My sloopiness. I forget that a string is the null-terminated-char-sequence
and tend to use "string" to mean pointer-to-ditto.

 

[Kenneth Brody]

main() { printf("%d\n",strlen(malloc(0))); }

[...]
The C library functions are only required to behave correctly if you call
them correctly. If you call them with random data, all bets are off.
(In this particular case, it may well produce a segmentation fault, because
malloc(0) may return null.)

No I believe malloc(0) can never return null - after all, how could it
not be possible to allocate 0 bytes of memory!

[...]

What you believe is irrelevent. Quoting 7.20.3:

If the size of the space requested is zero, the behavior is
implementation defined: either a null pointer is returned, or
the behavior is as if the size were some nonzero value, except
that the returned pointer shall not be used to access an object.

--
+-------------------------+--------------------+-----------------------+
| Kenneth J. Brody | www.hvcomputer.com | #include |
| kenbrody/at\spamcop.net | www.fptech.com | <std_disclaimer.h> |
+-------------------------+--------------------+-----------------------+
Don't e-mail me at: <mailto:[email protected]>

 

[Army1987]

main() { printf("%d\n",strlen(malloc(0))); }

Enumerating all of the reasons why this causes UB is left as an
exercise to the reader.

 

[Francine.Neary]

Enumerating all of the reasons why this causes UB is left as an
exercise to the reader.

I'll have a go:
1) Uses variadic function with no prototype in scope.
2) Whether or not malloc(0) returns null, it is UB to try to
dereference it, and strlen is going to dereference it all right...
3) ...and there's no reason to expect it to point to a string, as
strlen requires.
4) Uses %d as a format specifier for a size_t... though as the
compiler assumes that strlen (used without a prototype) returns an
int, maybe these two bugs cancel each other out.
5) Similarly, if the compiler assumes malloc returns int, and doesn't
know anything about strlen's arguments as there's no prototype around,
the conversion void * -> int -> char * is, I believe, implementation
defined.
6) Execution falls off the end of a non-void function without
returning a value.

 

[Flash Gordon]

I'll have a go:
1) Uses variadic function with no prototype in scope.
2) Whether or not malloc(0) returns null, it is UB to try to
dereference it, and strlen is going to dereference it all right...
3) ...and there's no reason to expect it to point to a string, as
strlen requires.
4) Uses %d as a format specifier for a size_t... though as the
compiler assumes that strlen (used without a prototype) returns an
int, maybe these two bugs cancel each other out.

No, they definitely produce one instance of UB for using a function
which does not return int without a prototype.

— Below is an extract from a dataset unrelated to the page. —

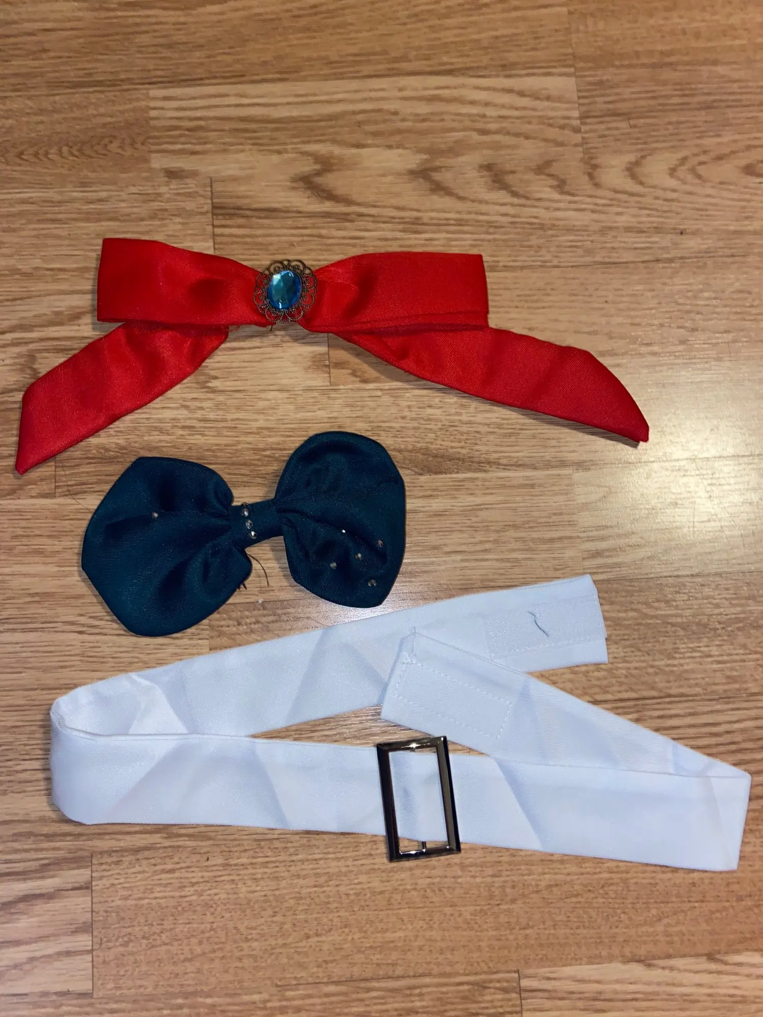So, the cosplay. Well, it is a cosplay. I'm staying pretty neutral about it. The hairbow is cute, nice reinstones, but you fasten it in the wig with a bobby pin. The shirtbow is really good quality, fasten with a safety pin. The belt is better than pictured, the buckle is made out of metal but you fasten it with velcro. So not so adjustable. The socks are badly made. If you have literally "normal" sized legs. They wont get on. Cuts of circulation by the kneecap. It's like the socks are made for your arms. The dress was ok! You will NEED a petticoat for it to be somewhat flattering. And the shirt, if you have "normal" arms. This shirt won't fit. At all. But out of the 9 parts of the cosplay, only 2 were bad/could improve. I will have to adjust a few things to make it fit/be wearable. Other than that! Really like it! :)

5) Similarly, if the compiler assumes malloc returns int, and doesn't
know anything about strlen's arguments as there's no prototype around,
the conversion void * -> int -> char * is, I believe, implementation
defined.

No, because there is no prototype in scope for malloc and it does not
return an int calling it invokes UB.

Passing an int to strlen without a prototype in scope invokes UB (with
one in scope it requires a diagnostic.

No conversions were used.

6) Execution falls off the end of a non-void function without
returning a value.

That returns an undefined status, some people argue it does not invoke
undefined behaviour.

Please don't quote peoples signatures, the bit typically after the "-- "
unless you are actually quoting on them.

 

[Ben Bacarisse]

4) Uses %d as a format specifier for a size_t... though as the
compiler assumes that strlen (used without a prototype) returns an
int, maybe these two bugs cancel each other out.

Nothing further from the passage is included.